ACTION ITEM –
Nothing but the text should be carried over: reproduce all the data exactly and leave out every image.

Stored data –

——————————

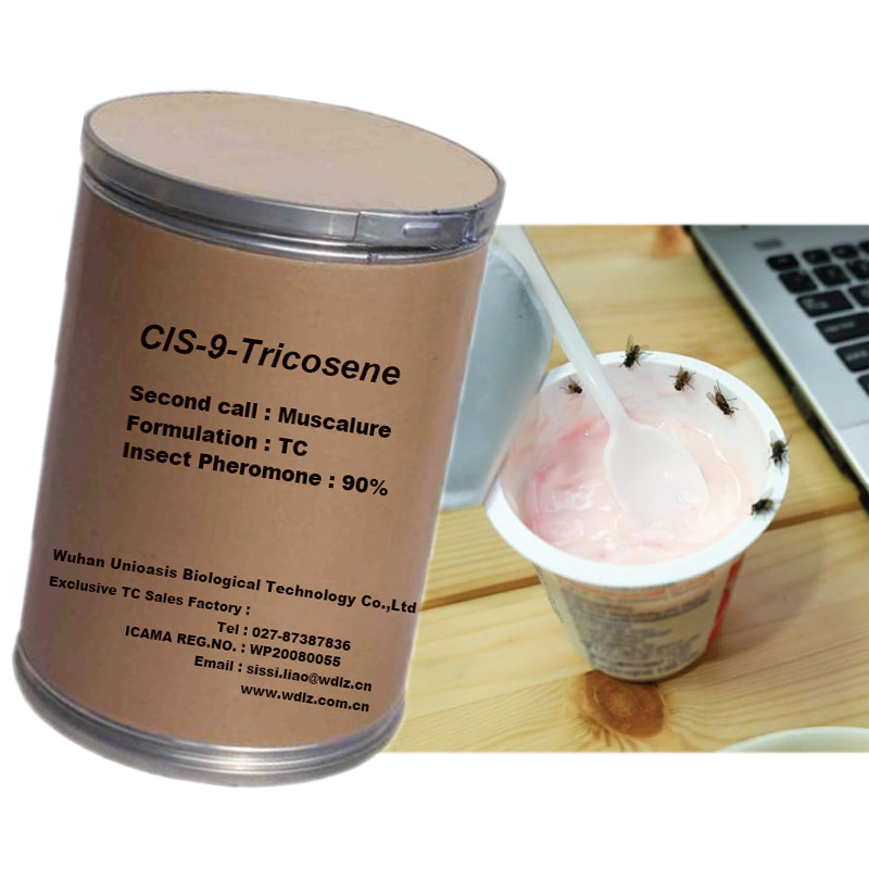 Z-9-Tricosene is een geslachtsferomoon dat wordt geproduceerd door vrouwelijke huisvliegen (Musca domestica) om mannetjes aan te trekken.Dit product is een insectenferomoon gesynthetiseerd door ons bedrijf met behulp van een chemische synthese methodeHet heeft een goed aantrekkelijk effect op kakkerlakken en vliegen. Het kan de insecticideffectiviteit van insecticiden verbeteren wanneer het in combinatie met insecticiden wordt gebruikt.Dit product wordt alleen gebruikt als aantrekkend middel in insecticiden.
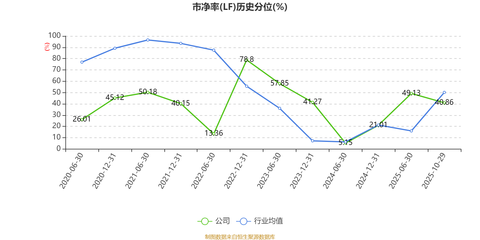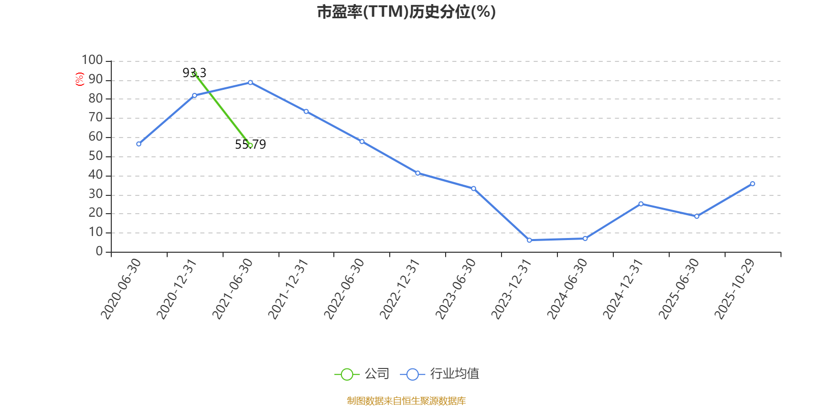 市盈率、市净率为负时,不显示当期分位数,会导致折线图中断。
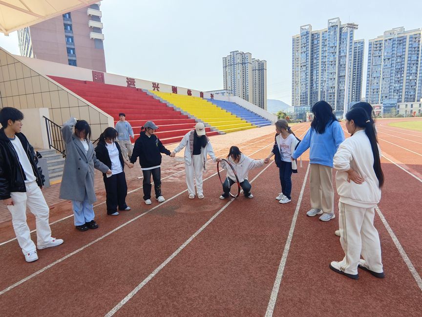 活动伊始,热场游戏“松鼠与大树”迅速点燃了现场气氛。未能成功组队的成员通过自我介绍,分享了作为心育委员帮助他人的暖心经历,通过才艺表演拉近了彼此距离。随后,团队合作环节精彩纷呈:“呼啦圈传递”考验了团队的默契与配合,稍慢的队伍集体完成呼啦圈跳绳,现场笑声不断;“逃脱困境”中,率先完成任务的小组成员积极分享心情调节的方法,将温暖与正能量传递给身边人;“狭路相逢”更是将活动推向高潮,失利队伍手拉手向获胜队伍送上真诚赞美,展现了团队的友爱与包容。活动尾声,全体成员以“爱的抱抱”传递温暖,并共同创意摆拍,留下充满纪念意义的团队合照
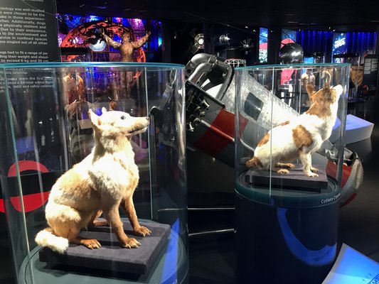 Ő mutatta meg Strelkát és Belkát, illetve a kutyák kipreparált testét. Mindenkinek Lajka van meg (mellesleg az ő kapszulája is itt van), de Strelka és Belka volt a két első emlős, amelyek élve tértek vissza a bolygóra az űrutazásból. Lajka 1957-es repülésénél ez még tervben sem volt, pusztán az életfunkciókat vizsgálták a Földről, telemetriával. A hivatalos kommunikáció szerint hat napig volt életben odafent, míg el nem fogyott az oxigénje, ám 2002-ben elismerték, hogy néhány órával a kilövés után Lajka egyszerűen megsült a meghibásodott hűtőmodul miatt. Strelka és Belka 1960-ban ezzel szemben épségben visszatért, még az űrhajójuk is itt van, rajta a becsapódásnál keletkezett sérülésekkel.
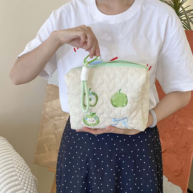 大容量ins颜值可爱小众便携旅行化妆包口红收纳袋高级感洗漱包女 青苹果收纳包
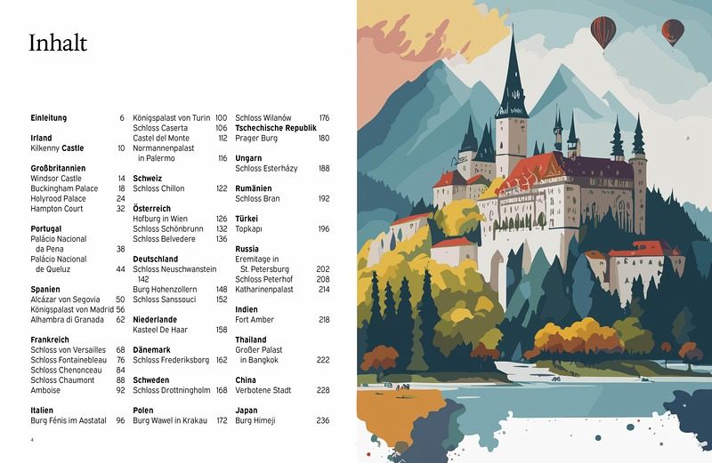 Der Band widmet sich den schönsten Schlössern und königlichen Residenzen der Welt. Tauchen Sie ein in die historischen Epochen, in denen die jeweiligen Paläste erbaut wurden. Anhand der Biografien dort residierender Königinnen und Könige, Adeligen und Damen werden jene Zeiten wieder zum Leben erweckt. Mächtige Fresken und Gemälde werden beleuchtet, von Königshäusern in Auftrag gegeben und von den besten Talenten der Welt erschaffen. Unverzichtbar sind auch die einzigartigen Dekorationen, Einrichtungsgegenstände und Stilrichtungen dieser Schlösser. Schließlich treten Sie hinaus und bestaunen die Vielfalt der Gärten und Blumenkompositionen unterschiedlicher Kulturen.
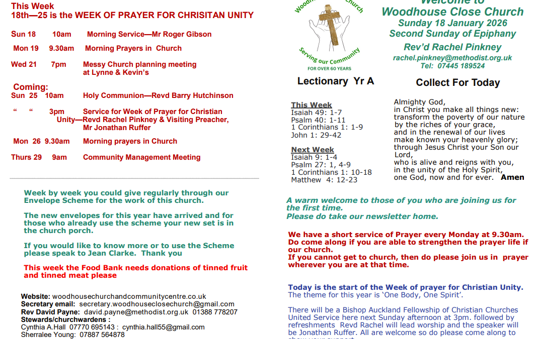 Church Community Centre Co-OrdinatorM/s Anne RamshawTel: 01388 450838Email: whclosecomm@gmail.com

——————————

SOLUTION TO THE EXERCISE –
 Z-9-Tricosene is een geslachtsferomoon dat wordt geproduceerd door vrouwelijke huisvliegen (Musca domestica) om mannetjes aan te trekken.Dit product is een insectenferomoon gesynthetiseerd door ons bedrijf met behulp van een chemische synthese methodeHet heeft een goed aantrekkelijk effect op kakkerlakken en vliegen. Het kan de insecticideffectiviteit van insecticiden verbeteren wanneer het in combinatie met insecticiden wordt gebruikt.Dit product wordt alleen gebruikt als aantrekkend middel in insecticiden.
 市盈率、市净率为负时,不显示当期分位数,会导致折线图中断。
 活动伊始,热场游戏“松鼠与大树”迅速点燃了现场气氛。未能成功组队的成员通过自我介绍,分享了作为心育委员帮助他人的暖心经历,通过才艺表演拉近了彼此距离。随后,团队合作环节精彩纷呈:“呼啦圈传递”考验了团队的默契与配合,稍慢的队伍集体完成呼啦圈跳绳,现场笑声不断;“逃脱困境”中,率先完成任务的小组成员积极分享心情调节的方法,将温暖与正能量传递给身边人;“狭路相逢”更是将活动推向高潮,失利队伍手拉手向获胜队伍送上真诚赞美,展现了团队的友爱与包容。活动尾声,全体成员以“爱的抱抱”传递温暖,并共同创意摆拍,留下充满纪念意义的团队合照
 Ő mutatta meg Strelkát és Belkát, illetve a kutyák kipreparált testét. Mindenkinek Lajka van meg (mellesleg az ő kapszulája is itt van), de Strelka és Belka volt a két első emlős, amelyek élve tértek vissza a bolygóra az űrutazásból. Lajka 1957-es repülésénél ez még tervben sem volt, pusztán az életfunkciókat vizsgálták a Földről, telemetriával. A hivatalos kommunikáció szerint hat napig volt életben odafent, míg el nem fogyott az oxigénje, ám 2002-ben elismerték, hogy néhány órával a kilövés után Lajka egyszerűen megsült a meghibásodott hűtőmodul miatt. Strelka és Belka 1960-ban ezzel szemben épségben visszatért, még az űrhajójuk is itt van, rajta a becsapódásnál keletkezett sérülésekkel.
 大容量ins颜值可爱小众便携旅行化妆包口红收纳袋高级感洗漱包女 青苹果收纳包
 Der Band widmet sich den schönsten Schlössern und königlichen Residenzen der Welt. Tauchen Sie ein in die historischen Epochen, in denen die jeweiligen Paläste erbaut wurden. Anhand der Biografien dort residierender Königinnen und Könige, Adeligen und Damen werden jene Zeiten wieder zum Leben erweckt. Mächtige Fresken und Gemälde werden beleuchtet, von Königshäusern in Auftrag gegeben und von den besten Talenten der Welt erschaffen. Unverzichtbar sind auch die einzigartigen Dekorationen, Einrichtungsgegenstände und Stilrichtungen dieser Schlösser. Schließlich treten Sie hinaus und bestaunen die Vielfalt der Gärten und Blumenkompositionen unterschiedlicher Kulturen.
 Church Community Centre Co-OrdinatorM/s Anne RamshawTel: 01388 450838Email: whclosecomm@gmail.com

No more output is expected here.